---

_You are currently looking at **version 1.1** of this notebook. To download notebooks and datafiles, as well as get help on Jupyter notebooks in the Coursera platform, visit the [Jupyter Notebook FAQ](https://www.coursera.org/learn/python-machine-learning/resources/bANLa) course resource._

---

# Assignment 3 - Evaluation

In this assignment you will train several models and evaluate how effectively they predict instances of fraud using data based on [this dataset from Kaggle](https://www.kaggle.com/dalpozz/creditcardfraud).
 
Each row in `fraud_data.csv` corresponds to a credit card transaction. Features include confidential variables `V1` through `V28` as well as `Amount` which is the amount of the transaction. 
 
The target is stored in the `class` column, where a value of 1 corresponds to an instance of fraud and 0 corresponds to an instance of not fraud.

In [45]:
import numpy as np
import pandas as pd

In [44]:
%reset

Once deleted, variables cannot be recovered. Proceed (y/[n])? y


In [51]:
# Use X_train, X_test, y_train, y_test for all of the following questions
from sklearn.model_selection import train_test_split

#df = pd.read_csv('fraud_data.csv')
df = pd.read_csv('data/creditcard.csv')
df_1 = df[df.Class == 1].sample(n=356)
df_0 = df[df.Class == 0].sample(n=21337)
df = pd.concat([df_1, df_0], ignore_index=True)

X = df.iloc[:,:-1]
y = df.iloc[:,-1]

X_train, X_test, y_train, y_test = train_test_split(X, y, random_state=0)

In [52]:
X_train.shape, X_test.shape

((16269, 30), (5424, 30))

### Question 1
Import the data from `fraud_data.csv`. What percentage of the observations in the dataset are instances of fraud?
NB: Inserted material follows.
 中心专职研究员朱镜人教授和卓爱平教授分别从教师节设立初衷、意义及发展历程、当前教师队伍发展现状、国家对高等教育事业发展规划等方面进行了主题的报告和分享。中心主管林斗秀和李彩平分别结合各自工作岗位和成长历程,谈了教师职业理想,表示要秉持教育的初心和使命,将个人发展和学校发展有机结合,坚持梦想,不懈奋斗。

*This function should return a float between 0 and 1.* 

In [47]:
def answer_one():
    
    # Your code here
    ans = np.sum(df.Class == 1)/len(df)
    return ans

answer_one()

0.016410823768035772

### Question 2

Using `X_train`, `X_test`, `y_train`, and `y_test` (as defined above), train a dummy classifier that classifies everything as the majority class of the training data. What is the accuracy of this classifier? What is the recall?

*This function should a return a tuple with two floats, i.e. `(accuracy score, recall score)`.*

In [48]:
def answer_two():
    from sklearn.dummy import DummyClassifier
    from sklearn.metrics import recall_score
    
    clf = DummyClassifier(strategy='most_frequent').fit(X_train, y_train)
    y_predict = clf.predict(X_test)
    accuracy = clf.score(X_train, y_train)
    recall = recall_score(y_test, y_predict)
    
    return accuracy, recall

answer_two()

(0.98395721925133695, 0.0)

### Question 3

Using X_train, X_test, y_train, y_test (as defined above), train a SVC classifer using the default parameters. What is the accuracy, recall, and precision of this classifier?
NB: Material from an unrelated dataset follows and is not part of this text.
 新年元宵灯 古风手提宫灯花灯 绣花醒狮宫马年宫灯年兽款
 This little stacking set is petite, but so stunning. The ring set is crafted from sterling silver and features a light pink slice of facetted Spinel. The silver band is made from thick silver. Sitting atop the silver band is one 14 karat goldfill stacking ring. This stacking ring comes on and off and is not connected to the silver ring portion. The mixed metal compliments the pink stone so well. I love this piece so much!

*This function should a return a tuple with three floats, i.e. `(accuracy score, recall score, precision score)`.*

In [49]:
def answer_three():
    from sklearn.metrics import recall_score, precision_score
    from sklearn.svm import SVC

    clf = SVC().fit(X_train, y_train)
    y_predict = clf.predict(X_test)
    accuracy = clf.score(X_train, y_train)
    precision = precision_score(y_test, y_predict)
    recall = recall_score(y_test, y_predict)
    
    return accuracy, recall, precision
answer_three()

(0.99987706681418653, 0.021052631578947368, 1.0)

### Question 4

Using the SVC classifier with parameters `{'C': 1e9, 'gamma': 1e-07}`, what is the confusion matrix when using a threshold of -220 on the decision function. Use X_test and y_test.

*This function should return a confusion matrix, a 2x2 numpy array with 4 integers.*

In [50]:
def answer_four():
    from sklearn.metrics import confusion_matrix
    from sklearn.svm import SVC
    
    params = {'C': 1e9, 'gamma': 1e-07}
    clf = SVC(**params).fit(X_train, y_train)
    y_scores = clf.decision_function(X_test)
    y_predict = y_scores > -220
    
    cm = confusion_matrix(y_test, y_predict)
    
    return cm

answer_four()

array([[   4, 5325],
       [   0,   95]])

### Question 5

Train a logisitic regression classifier with default parameters using X_train and y_train.

For the logisitic regression classifier, create a precision recall curve and a roc curve using y_test and the probability estimates for X_test (probability it is fraud).

Looking at the precision recall curve, what is the recall when the precision is `0.75`?

Looking at the roc curve, what is the true positive rate when the false positive rate is `0.16`?

*This function should return a tuple with two floats, i.e. `(recall, true positive rate)`.*

In [53]:
def answer_five():
    from sklearn.linear_model import LogisticRegression
    from sklearn.metrics import precision_recall_curve, roc_curve
    # Your code here
    lr = LogisticRegression().fit(X_train, y_train)
    y_scores = lr.decision_function(X_test)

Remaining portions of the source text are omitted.